Healthcare startup UpStream is trying to reshape the healthcare landscape, offering patients a more relaxed, personal approach to a doctor’s office visit.
- Fergus Hoban’s new company UpStream focuses on creating integrated primary care physician services in networks and independent systems.
- In this system, a team of nurses and doctors are led by a prescribing pharmacist to provide lower-cost, better-quality healthcare to Medicare patients.
- Hoban’s model begins with a conversation, allowing a patient to build trust with their doctor who will have more time to sit and converse with a patient before diving into finding a solution.
- “As we introduce this model into the American environment, and we speak with patients who really feel the healthcare system has been acting on them, as opposed to reacting for them. You get that profound connection with the patient that makes all the difference,” Hoban says.
- On Thursday, the company announced that it has raised $140 million—bringing total funding for the startup to nearly $185 million.
Why it’s news
In typical American healthcare systems, a pharmacist is relatively out of the loop when it comes to patient care. A primary care doctor prescribes medication, but the pharmacist distributing the medicine is unfamiliar with patient history.

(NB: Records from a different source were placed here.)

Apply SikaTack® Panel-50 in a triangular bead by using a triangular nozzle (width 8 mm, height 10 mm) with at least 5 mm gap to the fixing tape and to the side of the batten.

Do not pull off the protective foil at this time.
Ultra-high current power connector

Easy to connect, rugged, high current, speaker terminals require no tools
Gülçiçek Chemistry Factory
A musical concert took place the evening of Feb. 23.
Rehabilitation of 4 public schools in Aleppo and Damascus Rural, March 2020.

Hoban’s method changes this.
UpStream CEO Sanjay Doddamani explains that the current model of healthcare is “underutilizing the expertise of a pharmacist who’s spent four years in pharmacy school and two years in fellowship. They have tremendous expertise, they know disease states, yet we have not used them.”
This integration of healthcare is what makes UpStream stand out from other healthcare companies.

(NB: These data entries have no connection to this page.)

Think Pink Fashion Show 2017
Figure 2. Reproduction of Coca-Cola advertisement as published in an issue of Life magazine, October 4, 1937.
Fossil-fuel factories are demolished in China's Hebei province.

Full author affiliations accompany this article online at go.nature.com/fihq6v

Funding for the company is only growing. After several recent deals with Tidewater Physicians and Medical University of South Carolina, Doddamani says the company should end the year with around $950 million. Next year, he expects the company to reach $1.75 billion.
With the growth in funding, Doddamani says the company will have room to grow while keeping the required capital reserves on hand.
Doddamani became CEO of the company in 2021 and has since rapidly expanded the company’s reach. Now, UpStream has nearly 300 employees who work with almost 3,000 physicians. They have been able to provide care for more than 175,000 patients.
Backing up a bit
Though Hoban is originally from Ireland, he became fascinated with the American healthcare system as he says it is, “the last country in the world that believes that the competitive economic framework can solve this greatest of human problems.”
One of the faults of the current system, Hoban explains, is a focus on “downstream care.” This method looks to patients when they become sick rather than focusing on promoting healthful habits.
The passage of the Affordable Care Act prompted Hoban to leave Ireland and move to Omaha, Nebraska. With the new framework established by the Affordable Care Act, Accountable Care Organizations were created to incentivize Centers for Medicare and Medicaid Services (CMS) to provide better care to Medicare patients. Facilities that provided better outcomes for lower costs received compensation.
In Nebraska, Hoban founded Think Whole Person Healthcare—the prototype for UpStream. Hoban says the Omaha branch became “enormously effective.”